We basically have no horse in this race. We represent defendants, so we don’t often meddle with the rights of plaintiffs when they’re retaining counsel. We have an academic (and ethical) interest in the relationship between plaintiffs and their counsel, but it’s not really our turf.
Defense lawyers are of two minds as to whether they want it to be easier (or possible at all) to settle mass tort litigation. Some defense lawyers say they want it to be easier to settle these cases — they’re going to be filed; there should be a way to end them.
Other defense lawyers say that if the cases couldn’t be settled, maybe fewer of them would be filed.
We won’t take sides on that.
But we did have a couple of reactions to the ALI debate: First, the Reporters’ suggestion that the ALI proposal leaves the decision whether to settle in the hands of the clients is hokum. Clever, elegant hokum, but hokum nonetheless.
When a plaintiffs’ lawyer wants to agree to a settlement, that lawyer will surely be able to convince the vast majority of his or her clients to accept the settlement. The lawyer, after all, understands the law, is an authority figure, is the client’s route to recovery, and holds all the cards. The client in a mass tort is some guy off the street who says that AngelStuff gave him a bad cough. You can say that the ALI provisions leave the decision in the hands of the clients, but you’re fooling yourself. As a practical matter, it just ain’t so.
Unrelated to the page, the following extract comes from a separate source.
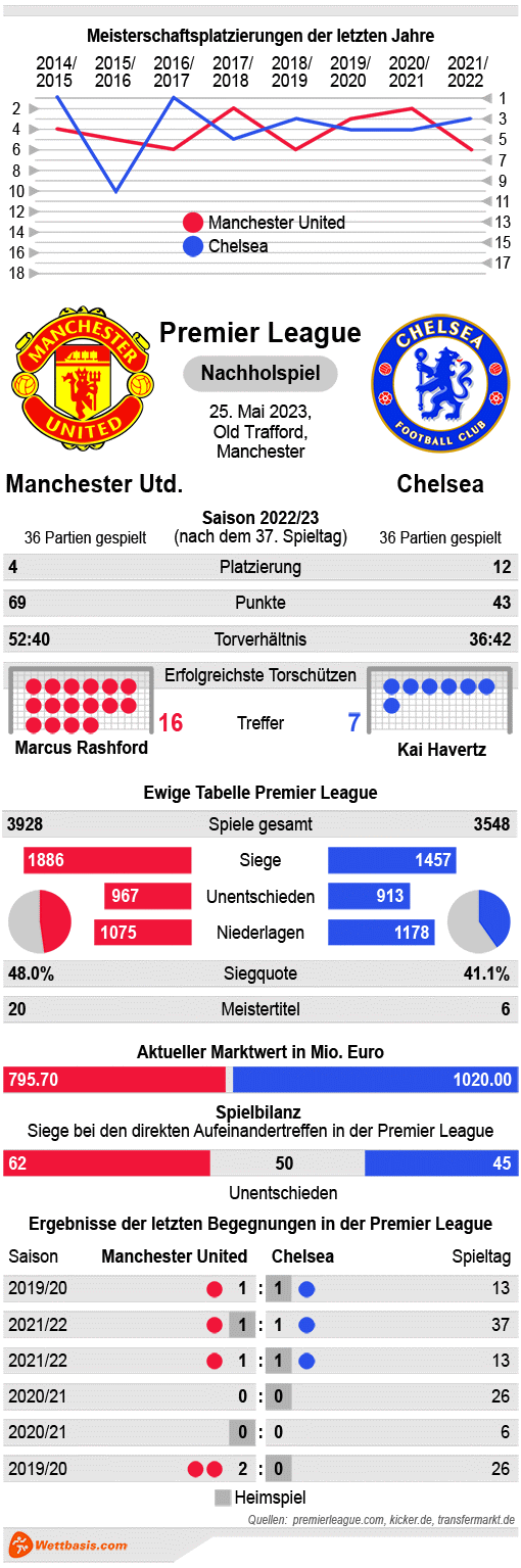 Manchester United benötigt noch einen Punkt für die fixe Qualifikation zur Champions League. Chelsea hingegen will die Saison nur irgendwie halbwegs solide beenden. Die Rollenverteilung erscheint deswegen komplett klar, alles spricht für die Gastgeber, die zuhause ohnehin sehr gute Leistungen zeigten.

Second, the clients are, in fact, very unlikely to understand the implications of the retention agreement they’ll be offered under the ALI proposal. It’s true that clients are permitted to waive a right to jury trial — but when they make that decision, they’re being advised by a lawyer who doesn’t have an inherent conflict of interest. When clients are being asked by counsel to sign the new-form retention agreement, the lawyer wants the client to sign and so is not exactly a neutral adviser.
You could fix that by insisting that clients retain separate counsel to advise them whether to sign the retention agreement. But that solution makes the legal environment awfully expensive and complicated.
Finally, the question really isn’t whether the new ALI proposal is perfect. The question is whether the new ALI proposal is better than what currently happens when mass torts are being settled. And we suspect, but we don’t know, that there may be some pretty coercive stuff going on under current law when plaintiffs’ counsel are trying to bring their strategic holdout clients into line. The ALI proposal may not be perfect, but it may well be better than the current reality.
Ultimately, the ALI did not vote on this provision, but rather approved certain other sections of the Principles and chose to defer consideration of this provision until next year.
That’s not a bad solution. It’ll give us time to make up our minds how to vote.